## DATASET RECORDS
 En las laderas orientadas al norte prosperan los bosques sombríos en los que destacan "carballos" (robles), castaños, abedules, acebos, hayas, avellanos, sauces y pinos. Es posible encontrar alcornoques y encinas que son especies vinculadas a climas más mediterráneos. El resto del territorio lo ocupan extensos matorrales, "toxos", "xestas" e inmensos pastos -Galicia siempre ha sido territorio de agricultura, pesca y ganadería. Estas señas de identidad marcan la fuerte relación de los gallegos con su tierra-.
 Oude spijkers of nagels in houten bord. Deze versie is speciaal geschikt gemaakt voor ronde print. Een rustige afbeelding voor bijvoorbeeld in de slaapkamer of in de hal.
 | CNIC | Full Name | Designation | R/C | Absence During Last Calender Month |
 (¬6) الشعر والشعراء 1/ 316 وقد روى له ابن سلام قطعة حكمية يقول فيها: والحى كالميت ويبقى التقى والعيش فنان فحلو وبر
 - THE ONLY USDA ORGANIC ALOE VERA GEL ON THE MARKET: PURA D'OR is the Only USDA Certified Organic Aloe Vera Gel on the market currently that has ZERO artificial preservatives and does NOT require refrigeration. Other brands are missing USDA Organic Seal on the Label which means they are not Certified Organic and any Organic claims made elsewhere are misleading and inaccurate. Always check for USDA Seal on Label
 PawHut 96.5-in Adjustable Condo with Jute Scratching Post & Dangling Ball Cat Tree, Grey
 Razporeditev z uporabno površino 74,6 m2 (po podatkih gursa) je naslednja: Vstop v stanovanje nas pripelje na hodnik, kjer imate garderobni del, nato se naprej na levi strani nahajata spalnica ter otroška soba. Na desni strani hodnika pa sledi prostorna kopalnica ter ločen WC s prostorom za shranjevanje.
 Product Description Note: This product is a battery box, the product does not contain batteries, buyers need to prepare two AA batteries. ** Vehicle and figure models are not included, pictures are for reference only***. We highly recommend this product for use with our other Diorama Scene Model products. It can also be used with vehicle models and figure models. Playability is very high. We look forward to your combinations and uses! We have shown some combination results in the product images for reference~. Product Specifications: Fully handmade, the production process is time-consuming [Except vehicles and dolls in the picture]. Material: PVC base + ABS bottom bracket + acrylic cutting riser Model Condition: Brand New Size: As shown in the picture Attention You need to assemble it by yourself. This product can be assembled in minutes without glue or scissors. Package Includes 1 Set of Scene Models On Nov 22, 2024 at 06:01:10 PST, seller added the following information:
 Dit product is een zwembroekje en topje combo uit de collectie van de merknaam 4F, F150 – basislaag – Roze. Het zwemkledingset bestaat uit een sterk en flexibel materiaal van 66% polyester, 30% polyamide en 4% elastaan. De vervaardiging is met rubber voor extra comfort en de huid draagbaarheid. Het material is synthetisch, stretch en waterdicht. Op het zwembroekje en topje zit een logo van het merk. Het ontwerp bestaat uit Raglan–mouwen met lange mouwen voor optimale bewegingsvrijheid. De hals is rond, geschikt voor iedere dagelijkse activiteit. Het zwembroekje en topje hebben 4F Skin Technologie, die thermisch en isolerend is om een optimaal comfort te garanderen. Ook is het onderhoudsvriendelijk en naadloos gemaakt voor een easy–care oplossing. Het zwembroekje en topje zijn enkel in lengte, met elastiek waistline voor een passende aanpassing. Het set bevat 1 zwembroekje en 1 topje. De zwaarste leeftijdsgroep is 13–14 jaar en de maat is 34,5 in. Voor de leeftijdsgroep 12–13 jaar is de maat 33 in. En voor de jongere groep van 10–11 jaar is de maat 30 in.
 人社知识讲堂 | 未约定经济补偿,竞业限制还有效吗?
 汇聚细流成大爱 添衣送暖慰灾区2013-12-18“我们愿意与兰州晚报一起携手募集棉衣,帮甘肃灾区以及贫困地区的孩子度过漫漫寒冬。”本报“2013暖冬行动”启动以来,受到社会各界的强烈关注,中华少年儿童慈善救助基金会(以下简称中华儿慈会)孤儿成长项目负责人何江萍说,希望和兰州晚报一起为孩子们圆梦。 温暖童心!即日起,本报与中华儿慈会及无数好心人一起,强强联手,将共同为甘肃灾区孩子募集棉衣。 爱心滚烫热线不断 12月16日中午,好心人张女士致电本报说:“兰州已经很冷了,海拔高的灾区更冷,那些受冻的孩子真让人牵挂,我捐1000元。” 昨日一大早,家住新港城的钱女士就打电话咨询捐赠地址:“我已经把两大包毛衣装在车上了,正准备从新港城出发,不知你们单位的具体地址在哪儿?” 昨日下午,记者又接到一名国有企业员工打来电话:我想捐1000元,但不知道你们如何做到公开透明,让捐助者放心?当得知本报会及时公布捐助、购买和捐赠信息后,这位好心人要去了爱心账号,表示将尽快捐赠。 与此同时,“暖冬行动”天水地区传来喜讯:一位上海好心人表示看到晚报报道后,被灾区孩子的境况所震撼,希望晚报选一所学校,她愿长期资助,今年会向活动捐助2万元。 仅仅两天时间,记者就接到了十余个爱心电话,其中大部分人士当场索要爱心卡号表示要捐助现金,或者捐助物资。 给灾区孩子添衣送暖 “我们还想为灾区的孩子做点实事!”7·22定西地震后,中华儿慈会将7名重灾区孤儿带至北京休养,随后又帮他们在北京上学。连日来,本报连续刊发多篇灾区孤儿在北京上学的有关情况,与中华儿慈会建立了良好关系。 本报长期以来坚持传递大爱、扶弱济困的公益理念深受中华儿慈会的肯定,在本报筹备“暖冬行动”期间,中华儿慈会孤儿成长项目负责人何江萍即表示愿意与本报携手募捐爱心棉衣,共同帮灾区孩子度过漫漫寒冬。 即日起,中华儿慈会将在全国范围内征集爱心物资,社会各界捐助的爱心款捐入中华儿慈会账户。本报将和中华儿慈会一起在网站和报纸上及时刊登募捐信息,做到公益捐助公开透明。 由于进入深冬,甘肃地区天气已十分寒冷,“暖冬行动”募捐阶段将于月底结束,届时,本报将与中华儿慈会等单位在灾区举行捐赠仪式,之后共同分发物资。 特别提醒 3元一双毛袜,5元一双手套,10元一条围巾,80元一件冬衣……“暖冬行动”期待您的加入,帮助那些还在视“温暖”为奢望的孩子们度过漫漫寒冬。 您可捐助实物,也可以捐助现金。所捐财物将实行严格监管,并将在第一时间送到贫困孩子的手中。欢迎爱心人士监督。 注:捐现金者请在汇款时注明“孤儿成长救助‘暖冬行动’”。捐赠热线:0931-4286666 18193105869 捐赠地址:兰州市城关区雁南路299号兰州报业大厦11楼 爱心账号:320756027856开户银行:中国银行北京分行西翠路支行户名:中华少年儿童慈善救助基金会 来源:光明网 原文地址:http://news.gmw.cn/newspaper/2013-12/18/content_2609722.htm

## TASK INSTRUCTIONS
Each line from the start of the listing above through the line containing "(¬6) الشعر والشعراء" must be reproduced exactly. Leave out the rest.

## SOLUTION TO THIS EXERCISE
 En las laderas orientadas al norte prosperan los bosques sombríos en los que destacan "carballos" (robles), castaños, abedules, acebos, hayas, avellanos, sauces y pinos. Es posible encontrar alcornoques y encinas que son especies vinculadas a climas más mediterráneos. El resto del territorio lo ocupan extensos matorrales, "toxos", "xestas" e inmensos pastos -Galicia siempre ha sido territorio de agricultura, pesca y ganadería. Estas señas de identidad marcan la fuerte relación de los gallegos con su tierra-.
 Oude spijkers of nagels in houten bord. Deze versie is speciaal geschikt gemaakt voor ronde print. Een rustige afbeelding voor bijvoorbeeld in de slaapkamer of in de hal.
 | CNIC | Full Name | Designation | R/C | Absence During Last Calender Month |
 (¬6) الشعر والشعراء 1/ 316 وقد روى له ابن سلام قطعة حكمية يقول فيها: والحى كالميت ويبقى التقى والعيش فنان فحلو وبر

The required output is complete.